There are also new autopsy results that show that the first death in the United States was in California on February 6, not February 29 in Washington as was previously believed. This was only 17 days after the first coronavirus case was confirmed in the US and the individual in question did not have a travel history from China or any country with a known outbreak at the time. This suggests that community transmission was already ongoing in the United States and internationally even in mid-January.
Despite this grim figures, governments, corporations and trade unions in countries such as Australia (74 deaths), Brazil (2,906 deaths), Britain (18,100 deaths), Germany (5,350 deaths), India (681 deaths), Spain (21,717 deaths) and the United States (47,430 deaths) are all continuing the push to “reopen” their respective economies, forcing workers from isolation and back into crowded workplaces where the virus can easily transmit and spread.
The Spanish government ordered millions of workers back to work last week, while implicitly acknowledging the danger of doing so by telling everyone to sanitize their clothes, phones and shoes after returning from work. Germany is currently gradually reopening schools and workplaces, which Chancellor Angela Merkel is insisting should be open in May. India has given the green light for manufacturing facilities to resume production even without social distancing guidelines.
Turkey, which now has more cases than both Iran and China, never halted nonessential industries in the first place. President Recep Tayyip Erdoğan has at most implemented weekend curfews and a four-day lockdown beginning today, totally inadequate compared to the warnings from the Turkish Medical Association that all unnecessary work should stop with full resources to contain the pandemic.
In the United States, where the coronavirus has exceeded both cancer and heart disease as the number one cause of death, President Donald Trump is allowing individual states to determine how to reopen. Several states have either announced or already begun to let restaurants and retail stores reopen, including South Carolina, Georgia, Tennessee and Montana.
The premise for these actions is that because the number of new cases is decreasing, the pandemic is becoming contained and thus it is safe to resume normal life. They ignore the warnings from the World Health Organization that, “Early evidence suggests most of the world’s population remains susceptible. That means epidemics can easily re-ignite.”
This is already being seen in China, Japan and Singapore, which have all had a recent surge in cases. That the coronavirus can continue to spread even in countries which have implemented aggressive social distancing, testing, contact tracing and quarantine measures from the beginning of their respective outbreaks should stand as a stark warning about continued persistence, virulence and ultimately deadliness of the pandemic.

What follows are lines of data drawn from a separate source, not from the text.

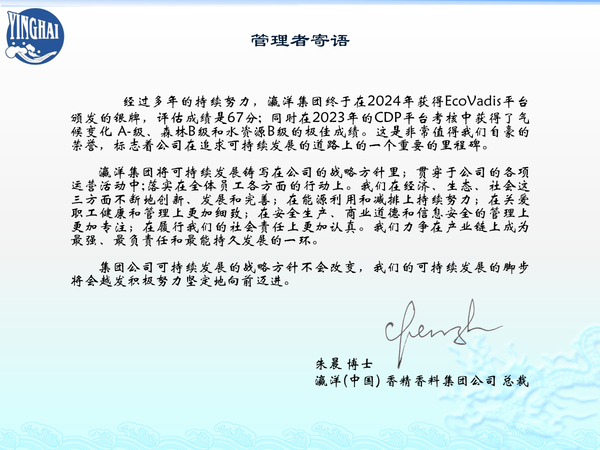瀛洋集团规范了内部一系列商业行为规则,包括信息安全、反贿赂、反腐败、反不正当竞争、诚实自律,所有重要职位的员工均接受相应的培训并签署承诺;编制并发布了《供应商社会责任行为规范》,供应商评估将包括产品质量、环保、职业健康与安全,以及社会责任。瀛洋集团2020年注册RSPO(棕榈油可持续发展圆桌会议)会员,积极参与棕榈油的可持续发展规划,瀛海和瀛洋相应的产品均取得了RSPO的认证。...
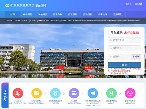 自4月5日起考生可登录我校提前招生系统(https://tqzs.hzvtc.edu.cn)查询入围情况,具体方法如下: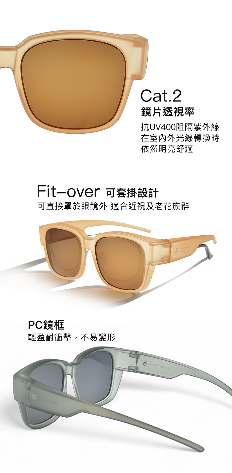 ● Fit-Over 可套掛設計:可直接套掛在眼鏡外,輕鬆適應近視眼及老花族群。

A warning against a second wave of the pandemic was also issued by US Centers for Disease Control and Prevention Director Robert Redfield, who said, “There's a possibility that the assault of the virus on our nation next winter will actually be even more difficult than the one we just went through.” He continued, “We're going to have the flu epidemic and the coronavirus epidemic at the same time.”
If schools and workplaces continue to open, however, the number of coronavirus cases and deaths will not spike next winter, but in the coming weeks and months. And there is every reason to believe it will be worse than what has already befallen a large section of humanity. The pandemic has already spread to every corner of the planet and has only been slowed down by the fact that more than four billion people are in some form of isolation. Sending millions back to work in countries, such as in the United States, with inadequate testing and contact tracing capabilities will cost countless lives.